* Brief *
Would you retype the listing word for word, skipping its pictures?

[Given material Boundary: Start]

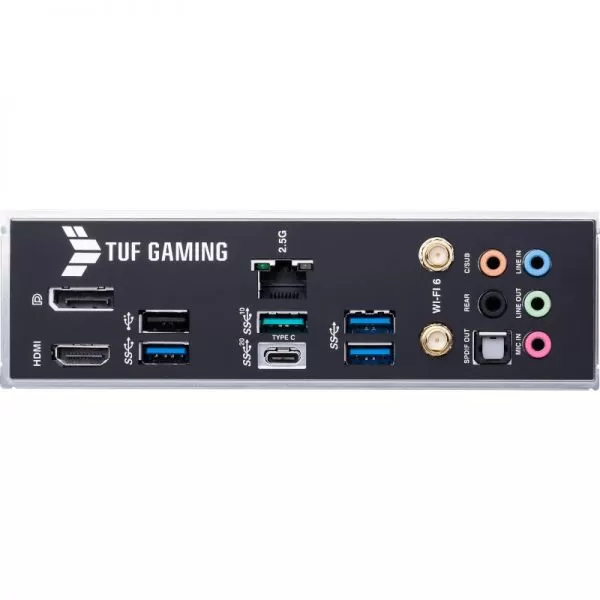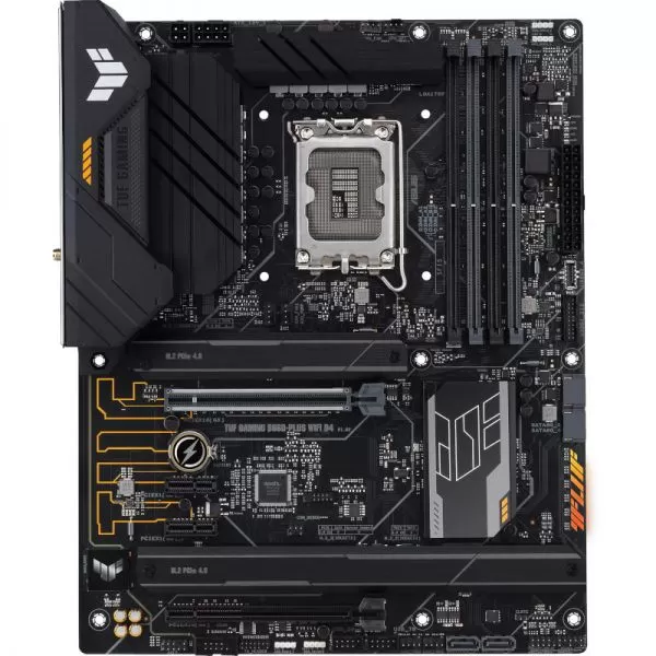 Placa de baza Asus TUF GAMING B660-PLUS WIFI D4 ntel® B660 (LGA 1700) ATX motherboard with PCIe 5.0 slot, three PCIe 4.0 M.2 slots, 10+1 DrMOS, Intel® 2.5Gb Ethernet, DisplayPort, HDMI, front USB 3.2 Gen 2 Type-C®, Aura Sync Intel® LGA 1700 socket: Ready for 12th Gen Intel® processors Enhanced power solution: 10+1 DrMOS power stages, six-layer PCB, 8+4 ProCool sockets, military-grade TUF components and Digi+ VRM for maximum durability Comprehensive cooling: Enlarged VRM heatsink, Stack Cool 3+, M.2 heatsinks, PCH heatsink, hybrid fan headers and Fan Xpert 4 utility Latest connectivity: PCIe 5.0 slot, PCIe 4.0 M.2 slots, rear USB 3.2 Gen 2x2 Type-C®, front panel header for USB 3.2 Gen 2 Type-C® and Thunderbolt 4™ support Made for online gaming: Intel® WiFi 6, Intel® 2.5Gb Ethernet, TUF LANGuard Two-way AI Noise-Cancelation: Reduces background noise from the microphone and audio output for crystal-clear communication in games or video conferences https://www.asus.com/Motherboards-Components/Motherboards/TUF- Gaming/TUF-Gaming-B660-PLUS-WIFI-D4/
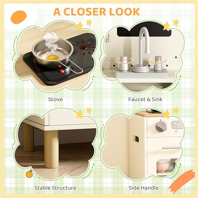 - CONVENIENT STORAGE SOLUTION: Kids kitchen offers generous storage like a cabinet and space behind the water dispenser. Kitchen playset makes it easy for toys and cookware, helping kids keep the play space tidy and organized
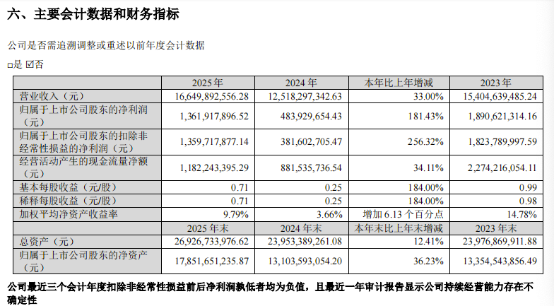 然而翻查过去多年业绩,2025年实现13.62亿元的净利润,尚不足2022年57.14亿元的四分之一,2023年和2024年净利润同比下滑幅度均约为70%左右。

[Given material Boundary: End]

* Answer below *
 Placa de baza Asus TUF GAMING B660-PLUS WIFI D4 ntel® B660 (LGA 1700) ATX motherboard with PCIe 5.0 slot, three PCIe 4.0 M.2 slots, 10+1 DrMOS, Intel® 2.5Gb Ethernet, DisplayPort, HDMI, front USB 3.2 Gen 2 Type-C®, Aura Sync Intel® LGA 1700 socket: Ready for 12th Gen Intel® processors Enhanced power solution: 10+1 DrMOS power stages, six-layer PCB, 8+4 ProCool sockets, military-grade TUF components and Digi+ VRM for maximum durability Comprehensive cooling: Enlarged VRM heatsink, Stack Cool 3+, M.2 heatsinks, PCH heatsink, hybrid fan headers and Fan Xpert 4 utility Latest connectivity: PCIe 5.0 slot, PCIe 4.0 M.2 slots, rear USB 3.2 Gen 2x2 Type-C®, front panel header for USB 3.2 Gen 2 Type-C® and Thunderbolt 4™ support Made for online gaming: Intel® WiFi 6, Intel® 2.5Gb Ethernet, TUF LANGuard Two-way AI Noise-Cancelation: Reduces background noise from the microphone and audio output for crystal-clear communication in games or video conferences https://www.asus.com/Motherboards-Components/Motherboards/TUF- Gaming/TUF-Gaming-B660-PLUS-WIFI-D4/
 - CONVENIENT STORAGE SOLUTION: Kids kitchen offers generous storage like a cabinet and space behind the water dispenser. Kitchen playset makes it easy for toys and cookware, helping kids keep the play space tidy and organized
 然而翻查过去多年业绩,2025年实现13.62亿元的净利润,尚不足2022年57.14亿元的四分之一,2023年和2024年净利润同比下滑幅度均约为70%左右。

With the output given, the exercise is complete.